What is the most efficient way to get the closest pair of a set of vectors?

flyaway · December 20, 2019, 5:50pm

I have a matrix M in size of n*d, where n is the number of vectors and d is the dimension of each vector. Now, I want to find the closest pair of this n vectors. Be note, I only need the closest pair.
I have two ways of doing this:

Use the PairwiseDistance and argmin function. However, this method uses too much memory. Half of the returned matrix is useless.
functional.pdist works well, it does not double computing. However, this function returns a condensed vector. I do not know how to recover the (i,j) index from this condensed vector.

The input matrix M changes and need to recompute the closest pair in every iteration.
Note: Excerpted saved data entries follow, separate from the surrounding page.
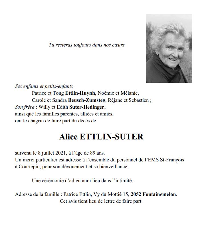 Alice ETTLIN-SUTER 01 mai. 1932 - 08 juil. 2021 Avis mortuaire PFG Télecharger PDF Partager sur: Galerie PreviousNext PreviousNext
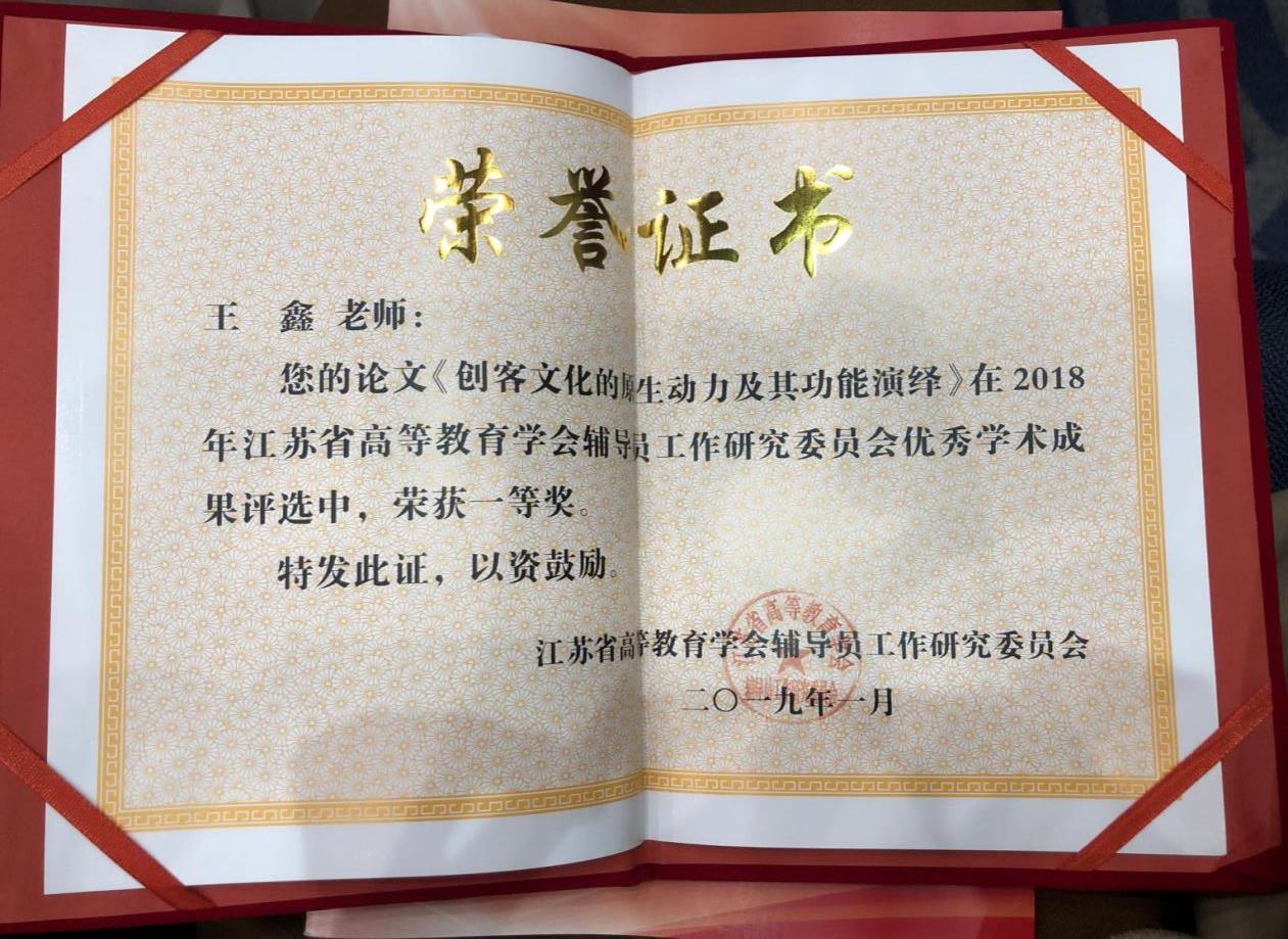 研究生辅导员王鑫老师荣获高校辅导员工作优秀学术成果一等奖的好成绩。
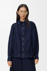 Shirt in lightweight washed cotton denim featuring a balloon silhouette with draping at the front. - Relaxed fit, regular length - Classic collar - Concealed button front fastening, buttoned cuffs - Anagram embroidery placed at the back Colour: Dark Indigo Main material: Cotton Weight: 0.8 kg Made in: Italy Materials & care Main Material: 100% cotton
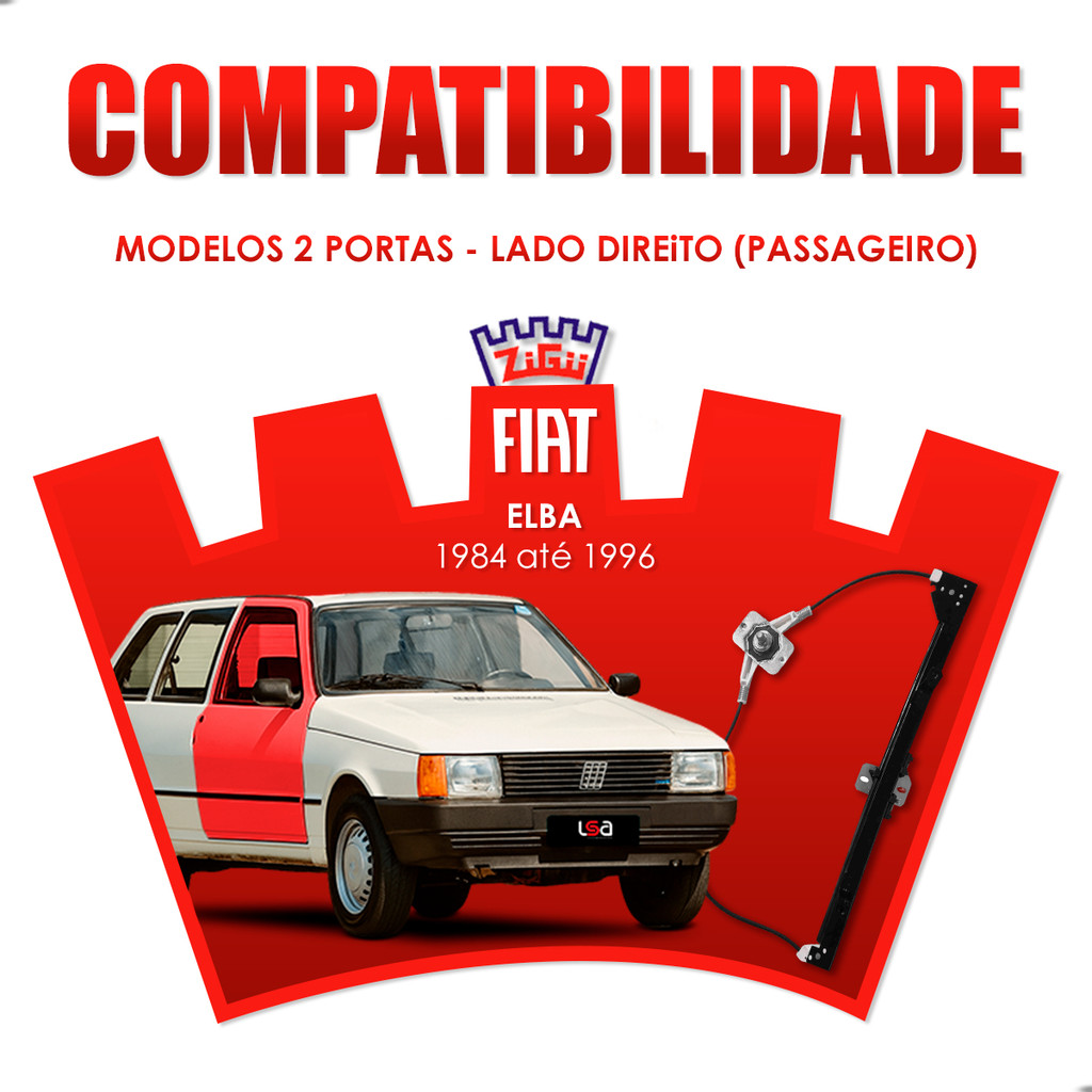 Elevador de Vidro Manual Fiat Uno Economy Prêmio Elba Direito Passageiro Modelos 1984 a 2013 Modelos 2 Portas
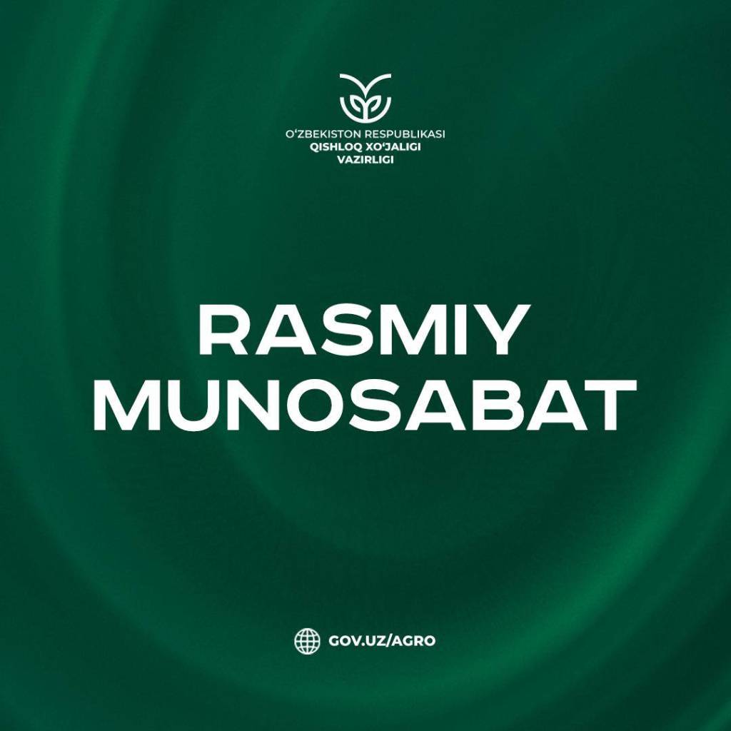 Шунингдек, баёнотда Қишлоқ хўжалиги вазирлиги тадбиркорлар манфаатларини ҳурмат қилиши, улар билан очиқ мулоқотга тайёр экани маълум қилинган.
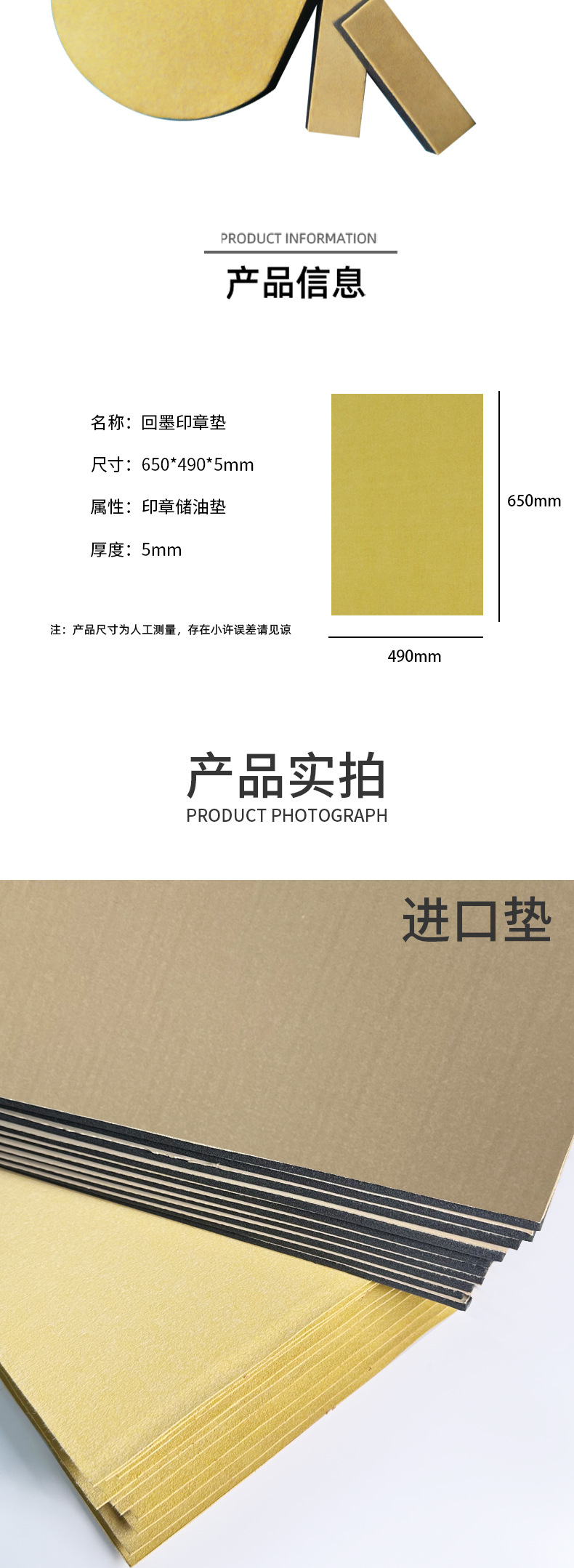 동관 잉크 백 씰 패드 반전 잉크 백 씰 고밀도 압축 스펀지 노란색 5mm 잉크 저장 패드스토어 가기
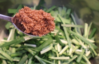 12. 고춧가루를 취향껏 넣어주고, 참기름, 깨를 둘러줍니다. 조물조물 무쳐줍니다.
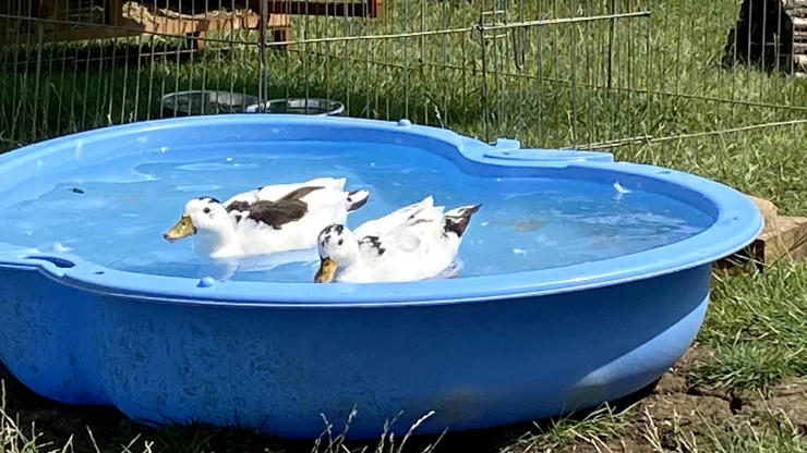 Caption: Mack en Mabel, mijn Magpie Call Ducks
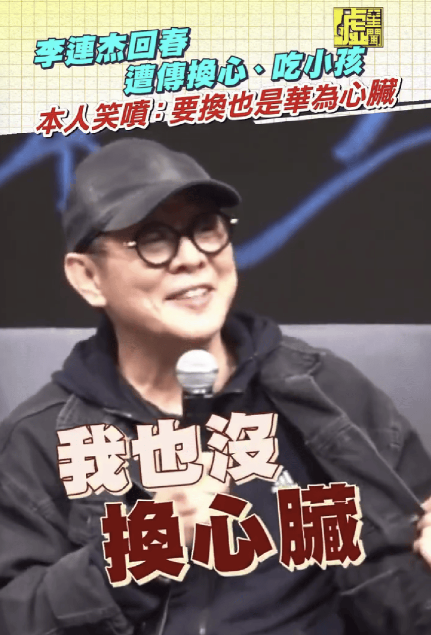 无奈之下,李连杰在中国台湾的公益讲座中,再次为自己辟谣。他毫不避讳罗列围绕自己的那些又可气又可笑的谣言,换心脏、换年轻人的血,甚至谣言越传越离谱,甚至到了吃小孩、养小鬼……李连杰无奈表态“怎么不换华为心、小米肝、特斯拉肾?”
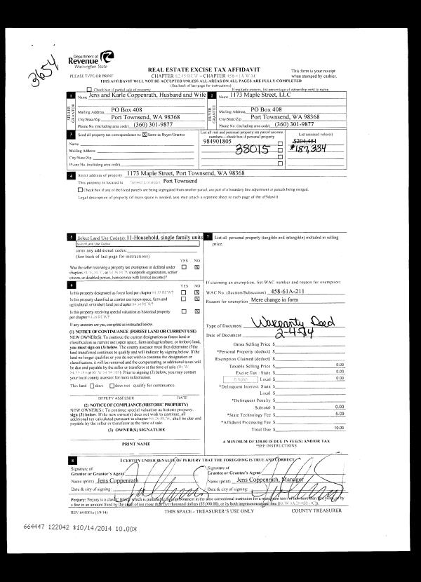 | Mailing Address: | 161 B ST PORT HADLOCK, WA 98339-8509 | % Ownership: | 100.0000000000% |

So, I want the whole process to be as efficient as possible.

Any suggestions about solving this efficiently?

flyaway · December 20, 2019, 8:37pm

I solved this by recovering the (i,j) index from the k index in the functional.pdist.
The code:

def get_index(k, n):
    p = n-1
    kk = k
    j = 1
    i = 0
    while kk >= p:
        kk = kk-p
        p = p-1
        j += 1
        i += 1
    return i, j+kk

KFrank · December 20, 2019, 10:13pm

Hi Fly!

In practice, for reasonable values of n and d, I expect that
pdist will do about as well as you can.

However, the so-called computational cost of your pdist
solution is a suboptimal O(d * n^2). If you search on
closest-pair problem, you will see that your problem can
be solved in O(d * n * log n) time. However, these
“faster” algorithms don’t vectorize naturally, so you give
up much of the benefit of using a gpu (and even pipelines
in a cpu). Thus your “naive” pdist solution may well run
faster (even as it requires more operations).

Good luck.

K. Frank